La fame ed il forte desiderio della cioccolata che sicuramente l’involucro conteneva, sono stati per lui fatali, infatti, poco dopo, si è diretto verso i reticolati. Abbiamo sentito uno sparo e lo abbiamo visto cadere al suolo colpito a morte.

A queste cose io non ho mai trovato altre giustificazioni che la mancanza di umanità e di ogni principio morale. Sotto qualsiasi regime certe cose, contrarie alla mia coscienza, non avrei mai potuto farle!

In quel periodo, il mio caposquadra, rientrando da una breve vacanza da Treviso, mi aveva portato un pacco con dei viveri, del chinino e una lettera che mia madre gli aveva consegnato. Mio padre, tramite Pezzetta, mi scriveva regolarmente mandandomi ogni volta che poteva, dei buoni per l'acquisto di pane, non sempre, però, riusciva a trovarli al mercato nero.

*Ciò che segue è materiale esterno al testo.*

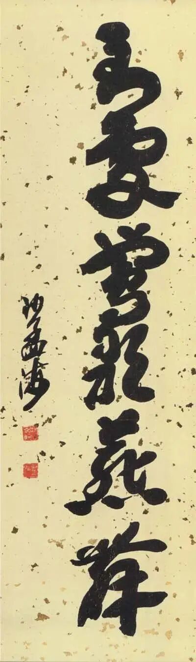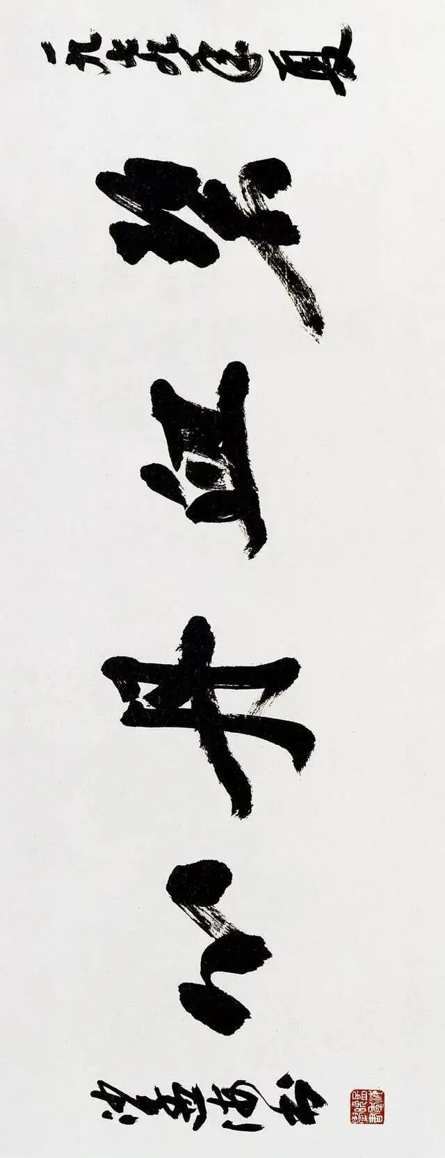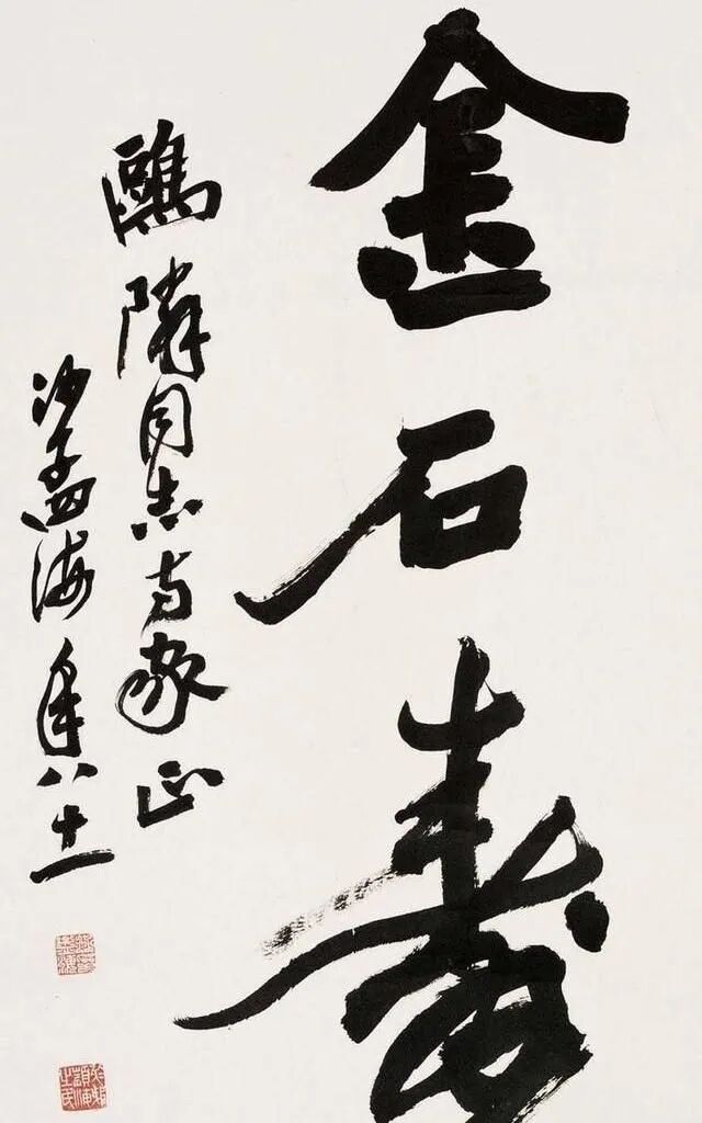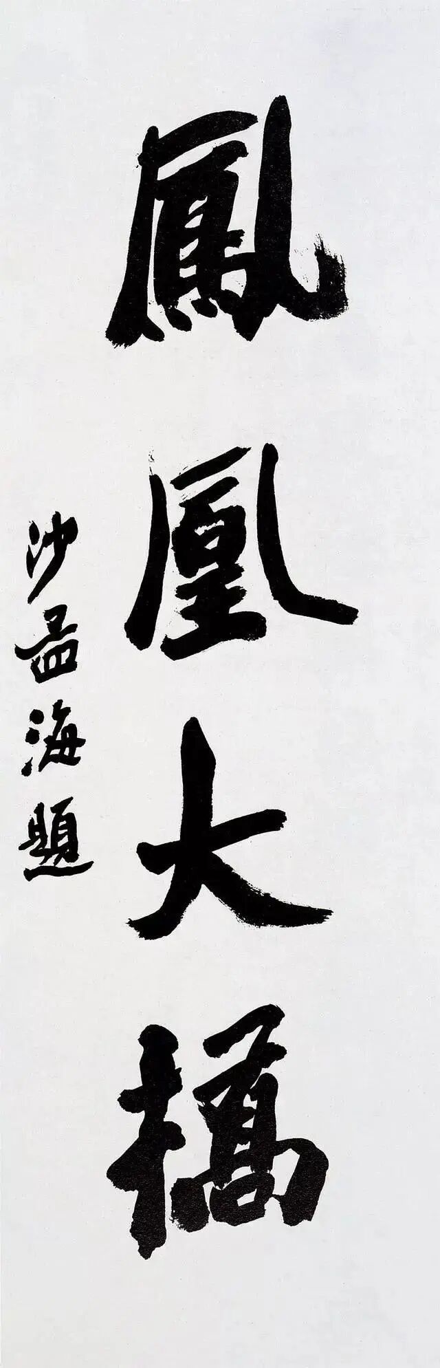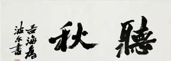 沙孟海最为后世所知与认可的,当数他的榜书。榜书,古称署书,即题在宫阙门额上的大字。其大字用笔横扫,出入自如,结体险劲逼仄,构成上点、线、块、面对比强烈,空间感、现代感极强。用墨更趋浓重,苍老、生辣、遒劲,气酣势疾,刚健有力,韵味沉厚,卓然成家,“真力弥满,吐气如虹。海内榜书,沙翁第一”。
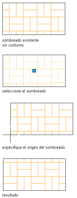 El sombreado se reubicará y adoptará como origen el punto final especificado.
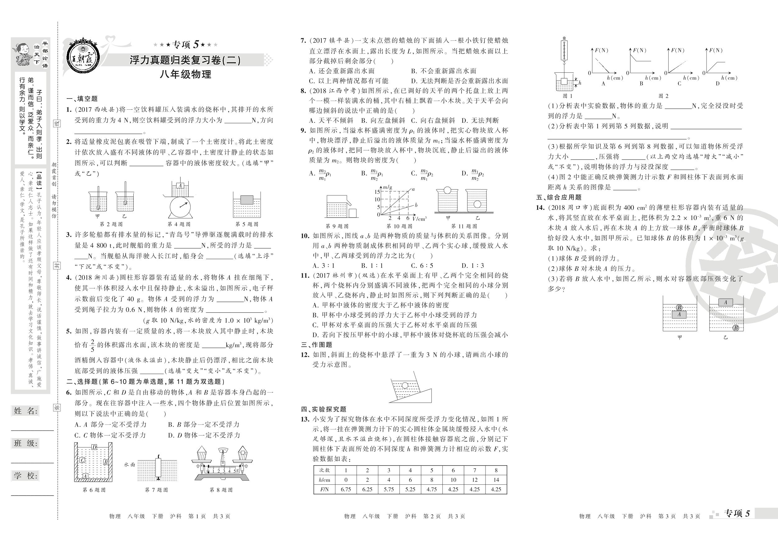 王朝霞期末专项卷——浮力真题归类复习(二)、简单机械应用真题归类复习八年级下册物理(沪科版)_R210810174539【0】

Il 7 aprile di nuovo avevo la febbre alta, stavo malissimo e sono stato ancora una volta ricoverato in infermeria. In mezzo a tanti altri ammalati pensavo tutto il giorno a casa. Era Venerdì Santo e rammentavo con commozione le cerimonie e la processione serale che, partendo dal Duomo, percorreva le vie di Santo Stefano. Mi sembravano immagini lontane, di tempi felici e spensierati che non sarebbero più tornati .

Un medico italiano mi ha diagnosticato malaria con aggiunta di pleurite secca al polmone destro.

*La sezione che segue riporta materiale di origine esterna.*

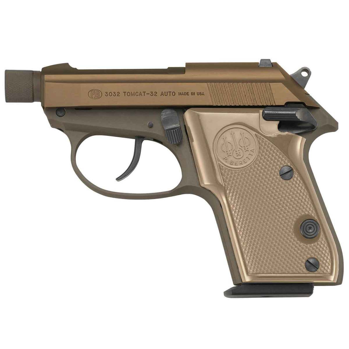 Beretta Tomcat FDE 32 Auto (ACP) 2.9in FDE Pistol – 7+1 Rounds – Beretta’s 3032 Tomcat with a tip-up barrel design that allows the user to load chamber without slide retraction. The Covert model includes a factory threaded barrel with a thread cap, 1/2×28 thread suppressor intended for use with a .22 Caliber projectile. Flat Dark Earth Finished Slide And Barrel Flat Dark Earth Polymer Grips Fixed Low-Profile Sights Aluminum Frame Single/Double Action
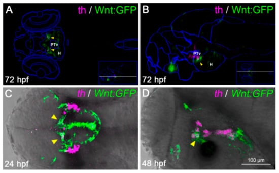 A subset of diencephalic Wnt-responsive cells express the dopaminergic (DA) marker tyrosine hydroxylase (TH). (A,B) Virtual anatomical reconstruction of a 72 hpf zebrafish brain, generated by ViBE-Z software, merging Wnt:GFP (green) and tyrosine hydroxylase (th, magenta) expression domains, compared with reference anatomical areas (blue lines). Virtual co-localizations (yellow arrowheads) are detected at the boundary between the ventral posterior tuberculum (PTv) and hypothalamus (H). (A,B) are dorsal and lateral views, respectively, with the anterior to the left, across the PTv/H boundary (section planes shown by white lines in the insets). (C,D) Co-localization of th-positive and Wnt-responsive areas (yellow arrowheads) is confirmed by dual color in situ hybridization in 24 and 48 hpf embryos. (C,D) are dorsal and lateral head views, respectively, with the anterior to the left.
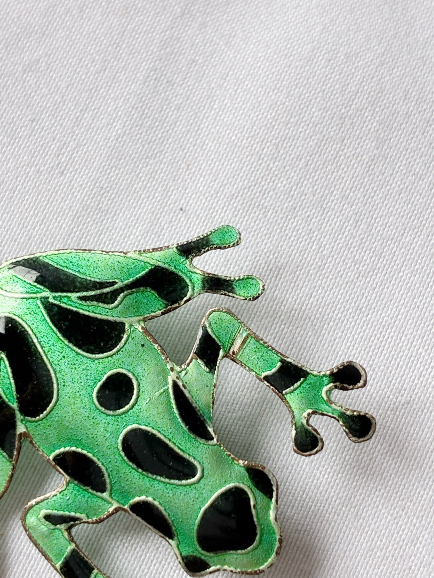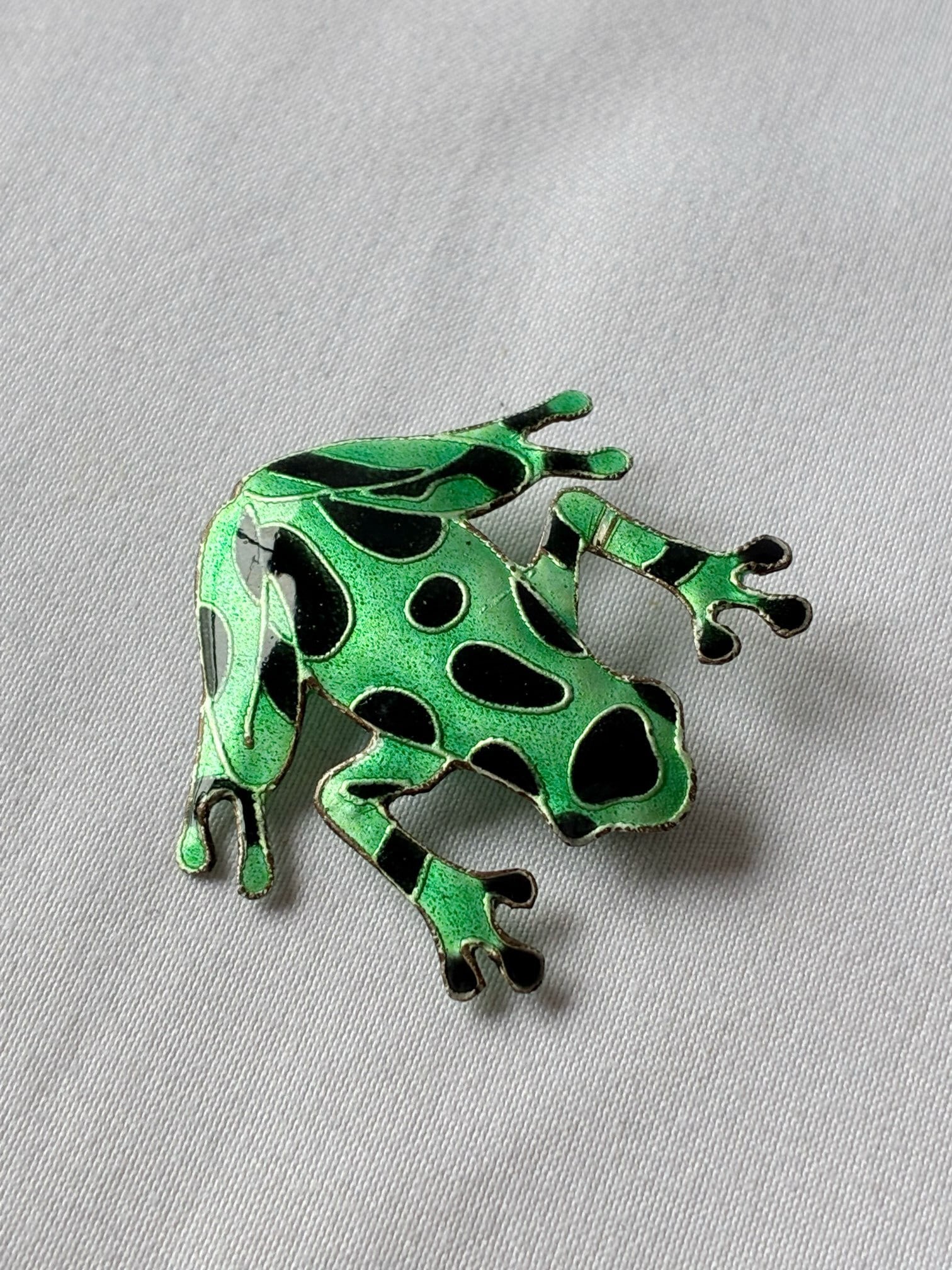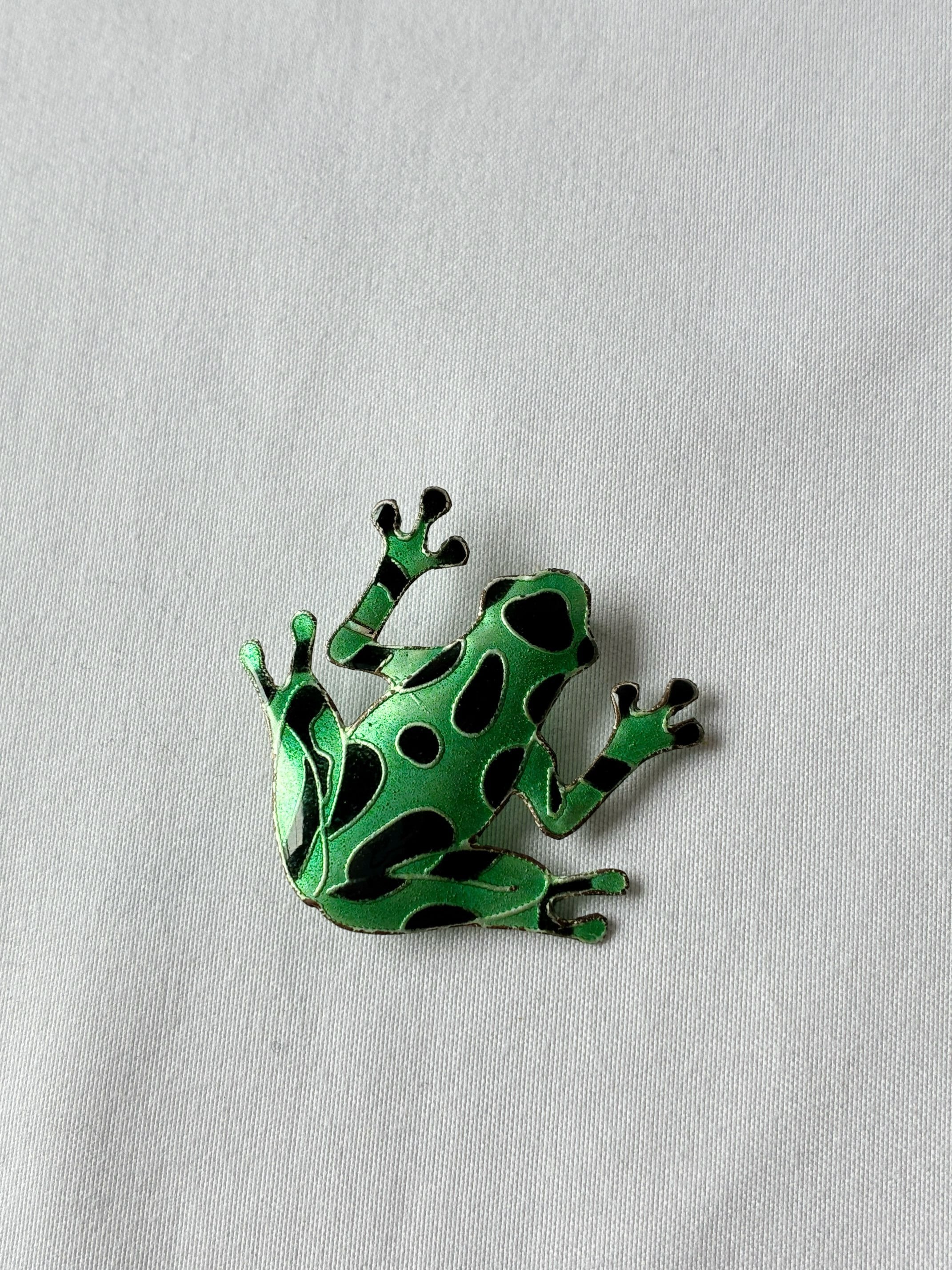 ブラックドットカエルがクールなU.S Vintage ブローチ. 明るいグリーンカラーが目を引くカラーリング. ぷくっとツヤのある質感がリアルで、再現性の高さも魅力的な一品です.

Il 9 aprile la febbre alta mi ha impedito di andare alla solenne Messa Pasquale celebrata nel campo. Nel pomeriggio gli amici sono venuti a trovarmi portandomi una barbabietola lessata, dono che ho apprezzato molto. Sapevo che, per potermela dare, avevano dovuto privarsene loro. Sono rimasti con me alcune ore riuscendo a ridarmi un pò di coraggio e di morale.

Dopo tre settimane di infermeria sono stato dimesso. Quando ho ripreso il lavoro (12-5-44) ) ero di nuovo febbricitante e talmente debole che sono stato ricoverato per la terza volta.

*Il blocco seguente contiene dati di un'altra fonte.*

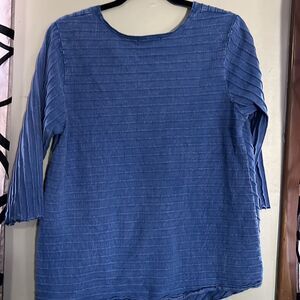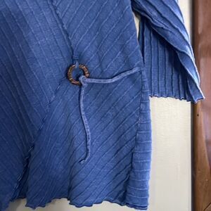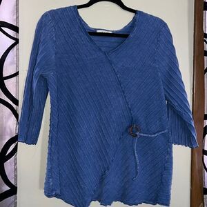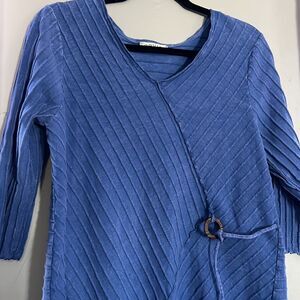 Orvis Shirt Top Womens Medium Blue Wrap Ribbed 3/4 Sleeve Casual 3/4 Sleeve Ring
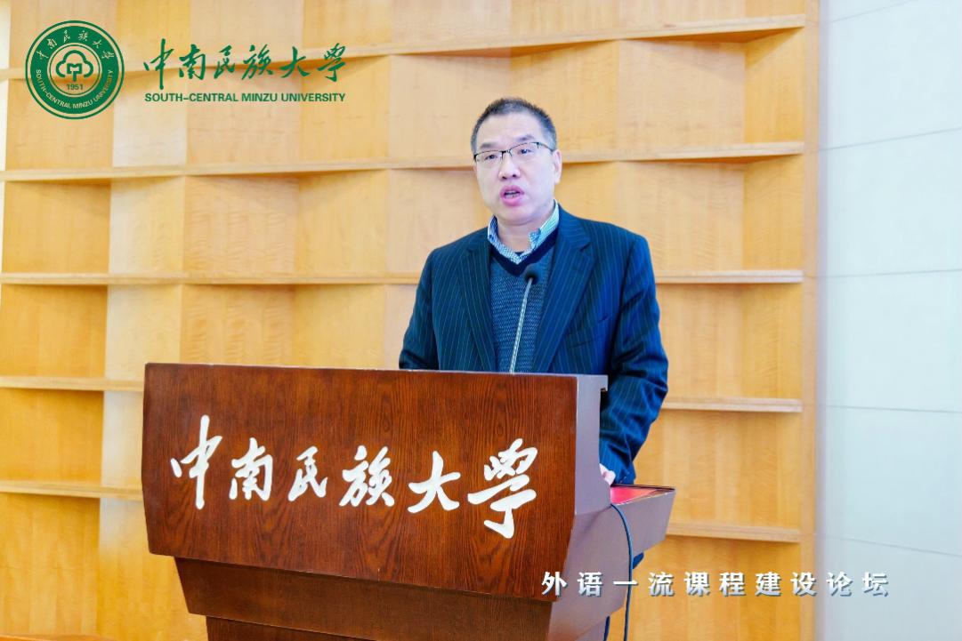 宋發(fā)軍致辭,對與會專家及師生表示熱烈歡迎,并介紹了學(xué)校和外語學(xué)院的基本情況。他指出,一流課程是培養(yǎng)一流人才的基礎(chǔ),是推動外語專業(yè)建設(shè)和外語學(xué)科持續(xù)發(fā)展的關(guān)鍵。希望通過本次論壇,能夠匯聚各方智慧,共同探討和分享外語課程建設(shè)的最新理念、實踐成果與未來趨勢。
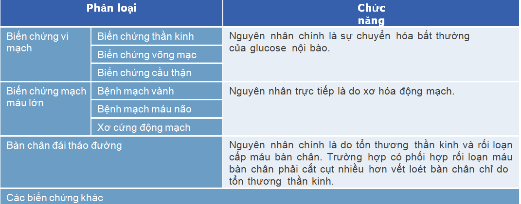 Phân loại biến chứng tiểu đường
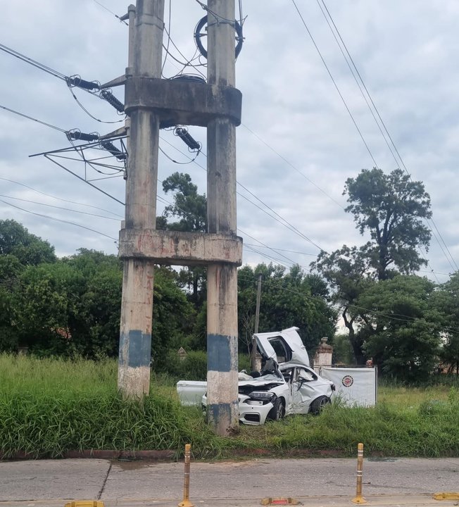 Un BMW, modelo 240i, conducido por un hombre mayor de edad, quien iba acompañado por otras cuatro personas, dos hombres y dos mujeres, una de ellas menor, chocó violentamente contra un poste de hormigón de alta tensión.
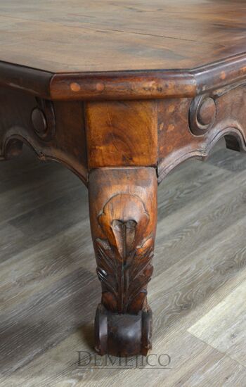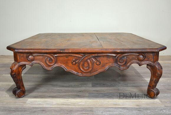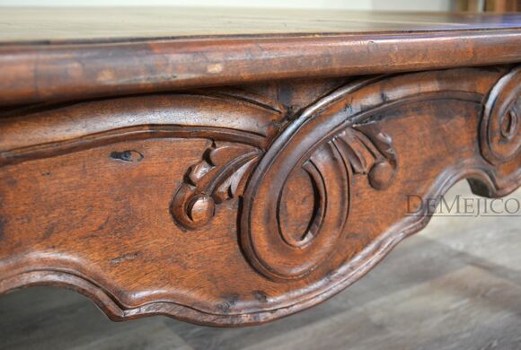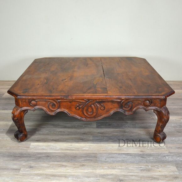 Our Mesa de Centro Conquista is an attention-grabbing, Spanish coffee table, fit for any home, lobby, or entertainment space. Hand crafted from solid mesquite wood, this coffee table features traditional Conquista style carvings on the sides and curved legs. The large top of the Mesa de Centro Conquista showcases the natural knots, stretches, and imperfections of the wood, while providing a great deal of table space. Add this Spanish Colonial Coffee Table for an authentic, Spanish touch.

Il 13 giugno, giorno di Sant'Antonio, è venuto a farmi visita il mio amico “Agnulin” (Angelo Tonino) che si trovava in Germania. Poichè conosceva molto bene il tedesco, ha provato in ogni modo a convincere le guardie a lasciarci incontrare, ma non c’è stato verso. Come al solito siamo stati costretti a salutarci da lontano, mentre dentro di me si agitavano sentimenti contrastanti che andavano dalla commozione, al dolore, al profondo disprezzo per chi era causa dei miei patimenti.

Quella volta sono rimasto ricoverato per circa un mese, quindi sono stato dimesso e, dopo qualche giorno di riposo, ho dovuto riprendere il lavoro. Quando arrivavo in fabbrica, dopo i quaranta minuti di marcia che occorrevano per percorrere i tre chilometri che ci dividevano dal campo, ero già stanco. Per fortuna il caposquadra Miotto, a conoscenza della situazione in cui mi trovavo, mi affidava dei lavori leggeri, inoltre, per la prima volta ho ricevuto dalla Croce Rossa Italiana, alcuni pacchi spediti da casa: riso, pasta, fagioli e generi vari. Ho saputo poi che ben dieci pacchi che mi erano stati spediti, non mi sono mai stati recapitati.